I thought that cute, as a half-decent arms licence investigation by the police would have resulted in the mosque shooter being refused a gun licence.

The problem is greater than just fees.

After the mosque attack the government and the police did all they could to pillory legitimate firearm owners. That created resentment, which doesn’t encourage co-operation.

We read there are almost 250,000 licensed gun owners in New Zealand. The reality is that there are many more gun owners that haven’t had a licence and have no intention of getting one.

Why would you?

The application for a drivers’ licence is just four pages long. Cars kill more people than guns.

The application for a liquor licence is also four pages, and we’re told alcohol kills more people than guns.

The application form for a firearms licence is 40 pages, largely consisting of intrusive and irrelevant rubbish.

It asks if the person is involved with a gang or extremist group. Who is going to say yes?

It wants to know about former spouses or partners going back five years. What business is it of the police and what possible relevance could it be for a person owning a gun?

The same applies to the question about losing a job five years ago.

So my issue with the police consultation document is that it is an expensive butt-covering exercise.

Further, I don’t believe firearm owners should have to pay for the excesses of the police bureaucracy.

The issue is that many normally law-abiding gun-owning citizens don’t have gun licences. They feel they’ve been mucked about by the system and legitimately so. The fact they are breaking the law is irrelevant. What are the police going to do about it? Those gun owners need to be encouraged back into the system but the police don’t seem remotely interested.

It got even more farcical when a police-licenced pest exterminator shot up houses on the Kāpiti coast. Unbelievably, the police told residents it was a “workplace incident” and took no further action. They certainly seem uninterested in “keeping people safe”. If it was a farmer I’m sure it would’ve been different.

We do need a standalone arms agency, but the government appears subservient to police empire building.

ACT firearms spokesperson Nicole McKee told me that “keeping costs affordable provides incentive for people to stay within the system, keep their firearms secured properly and be accountable”. I totally agree.
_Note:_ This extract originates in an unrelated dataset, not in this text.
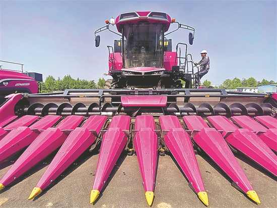 4月26日,在山东省临沂市临沭县一家农机企业,工人在调试机械。

ACT firearms spokesperson Nicole McKee told me that “keeping costs affordable provides incentive for people to stay within the system, keep their firearms secured properly and be accountable”. I totally agree.

She added that the police wanted to charge arms owners “the cost of police attendance at a firearms burglary”.
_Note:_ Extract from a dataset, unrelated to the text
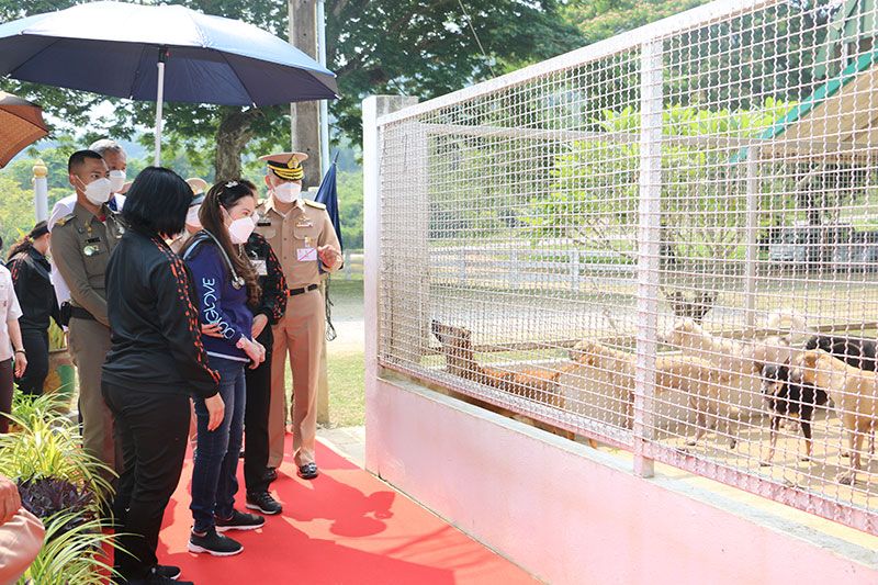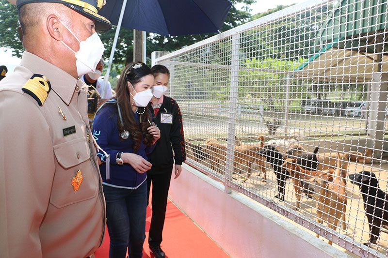 ในการนี้ ทรงพระดำเนินไปทอดพระเนตรคอกสุนัข ซึ่งมีทั้งหมด 7 คอก แยกเป็นคอกสุนัขทำหมันแล้ว 5 คอก คอกสุนัขตัวเมียยังไม่ทำหมัน 1 คอก คอกสุนัขตัวเมียยังไม่ทำหมันพร้อมลูกสุนัข 1 คอก สำหรับการดูแลสุนัขจรจัดคำนึงถึงมาตรฐานความสะอาด ถูกสุขอนามัย เช่น การดูแลทำความสะอาดคอกสุนัข รักษาสุนัขป่วย ฝึกสุนัข ให้อาหารสุนัขตามเวลา

I haven’t been able to find any evidence to support that claim.

I believe it is high time the government was honest and open with the firearms community.

We’re told we’re getting a new agency when we’re not and that new laws will keep us safer while statistics suggest the opposite.

Finally, I don’t believe either the police or the government have any credibility in the current gun debate and I don’t think they care.